When selecting comparables, it is generally preferable to avoid peer groups where leverage profiles are materially different from the target business, or at minimum to recognise how this affects positioning within the observed range.
Choosing a Multiple When Many Comparables Exist
Where a large number of comparables are available, the difficulty is usually not lack of data but maintaining discipline in the selection process.
A distinction that can be useful is between the:
Core peer group, consisting of the closest operational comparables, and
Wider peer group, used to understand how the broader sector is trading.
The wider group tells you where the sector is broadly trading and provides useful context. The core group, typically three to six businesses with the closest operational and financial similarities to the target, is what actually drives the applied multiple. If you can’t articulate why each business is in the core group on its merits, it probably shouldn’t be there.
Placement within the range derived from the core group then comes down to how the target compares on growth, margin trajectory and risk profile. A business performing above the median on those dimensions belongs towards the top of the range; one underperforming sits lower.
When Comparable Data Is Relatively Limited
Some businesses operate in industries where directly comparable listed peers are relatively limited. In these situations, valuation inevitably involves broader judgement. Common mitigating approaches include:
Expanding the geographic scope of comparables
Considering businesses with similar economic characteristics in adjacent sectors (e.g. could multiples for a healthcare vertical SaaS company move with the broader healthcare sector?
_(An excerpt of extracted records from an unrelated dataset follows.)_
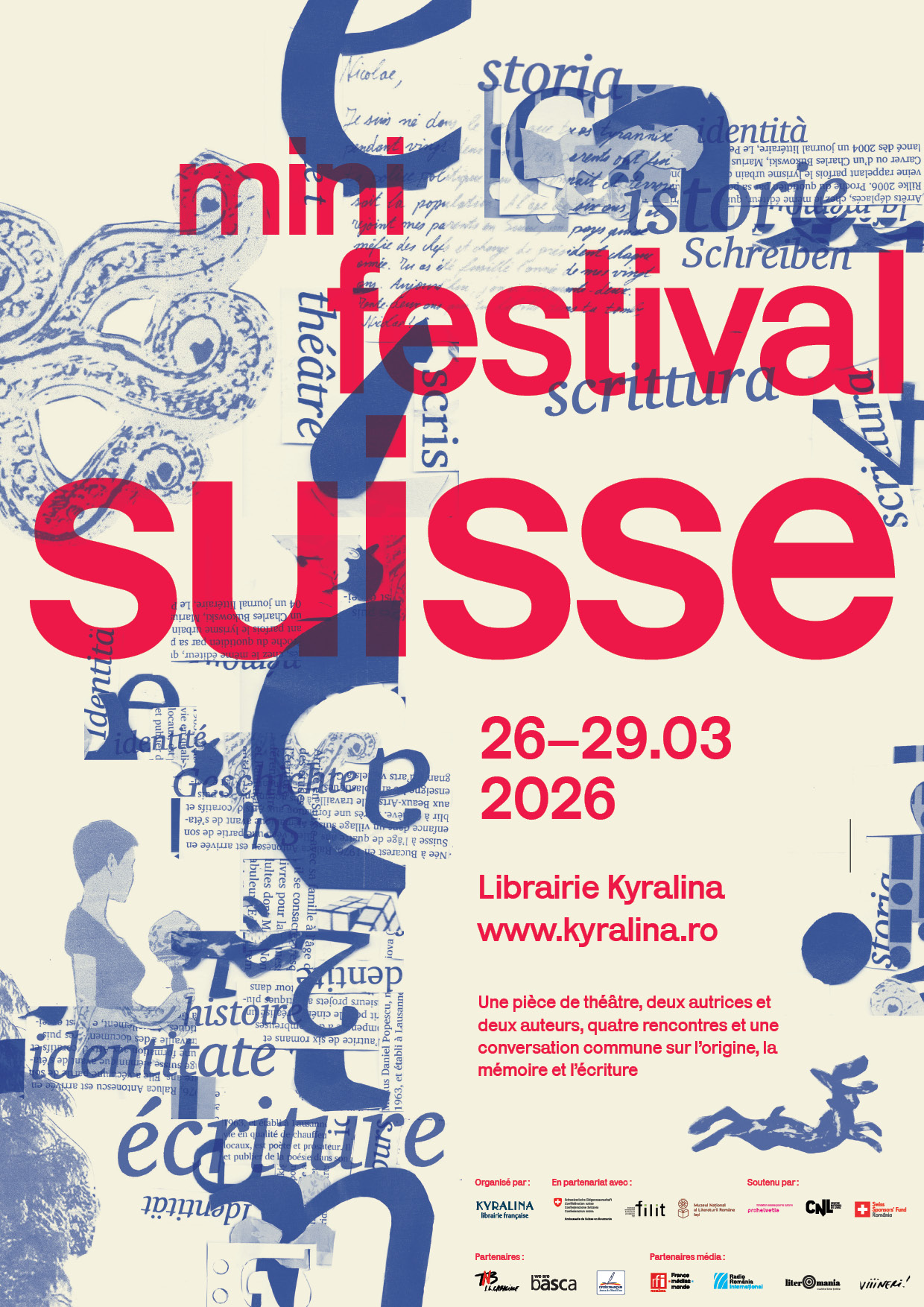 Alegerea invitaților și a temelor festivalului elvețian sunt realizate de librăria Kyralina în parteneriat cu Festivalul Internațional de Literatură și Traducere Iași – FILIT, un program al Muzeului Național al Literaturii Române Iași, unul dintre cele mai importante festivaluri literare din Europa.
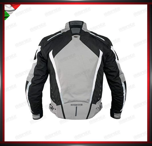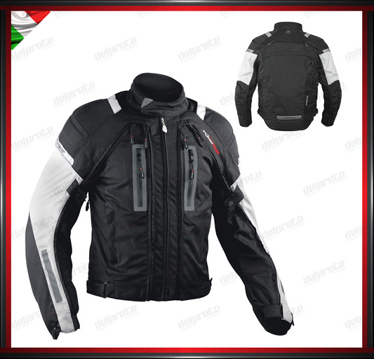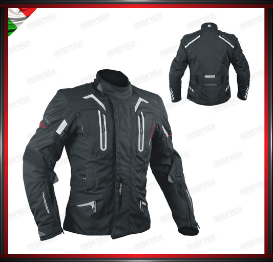 GIACCA MOTO IN TESSUTO GRIGIO NERO CORDURA MESH 4 STAGIONI IMPERMEABILI PROTEZIONI OMOLOGATE CE
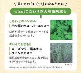 「わたしの髪にいいこと、wicot」をコンセプトとし、頭皮へのいたわりと育毛効果を兼ね揃えたスカルプセラム(薬用育毛剤)を中心に、厳しい基準をクリアしたCOSMOSオーガニック認証のスカルプ&ヘアケアブランドです。
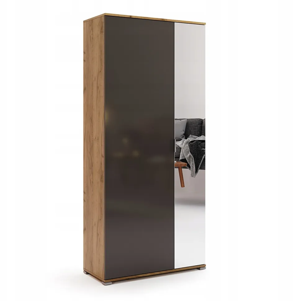 Jego klasyczne barwy – dąb i szary – tworzą harmonijny, zgrany duet, który dodaje elegancji i subtelności całej kompozycji. Fronty szafy, wykonane z wysokiej jakości płyty wiórowej laminowanej, charakteryzują się delikatnym połyskiem, który nadaje meblowi wyjątkowego blasku. We wnętrzu szafy znajdują się praktyczne półki i drążek, które pozwalają na wyeksponowanie ulubionych dodatków i organizację przechowywanych przedmiotów. Dzięki nim, szafa nie tylko doskonale uzupełnia wnętrze, ale także spełnia funkcję praktycznego rozwiązania do przechowywania odzieży, butów i innych akcesoriów.
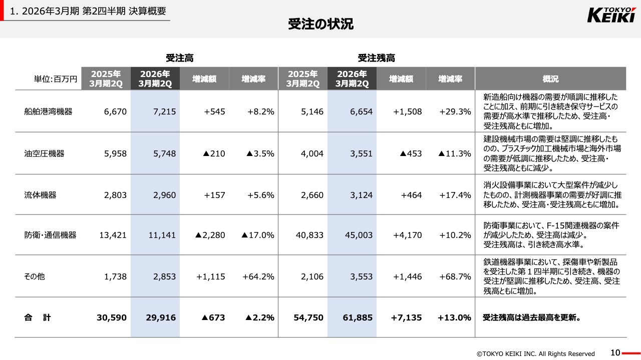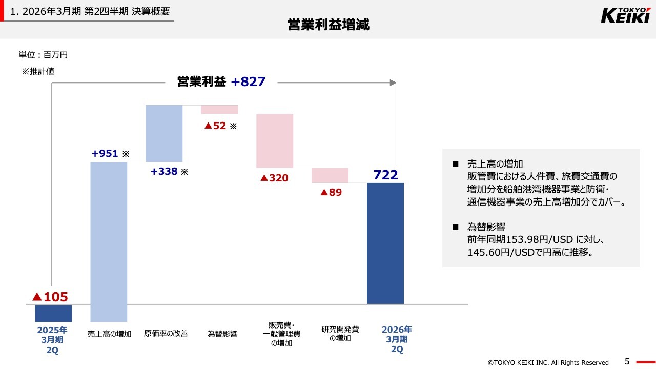 【QAあり】東京計器、4年ぶりの黒字転換を達成、2Qは大幅な増収増益 防衛・通信機器事業が引き続き好調、売上平準化の試みも寄与

Using transaction evidence to help frame an appropriate valuation range
Greater reliance on alternative approaches such as DCF analysis
The aim is not to create artificial precision, but to arrive at a conclusion that reflects how a reasonable market participant would approach valuation given the available information.
Conclusion
Comparable company analysis works best when it reflects how investors actually assess businesses in practice. The most useful comparables tend to align not only on sector or geography, but on business model, revenue characteristics, growth outlook and financial leverage.
Where peer sets are deep, discipline in narrowing the group becomes critical. Where they are limited, broader judgement and triangulation across valuation approaches become more important. In both cases, the objective remains the same: to ensure that the applied multiple reflects how the market would price a business with similar underlying characteristics.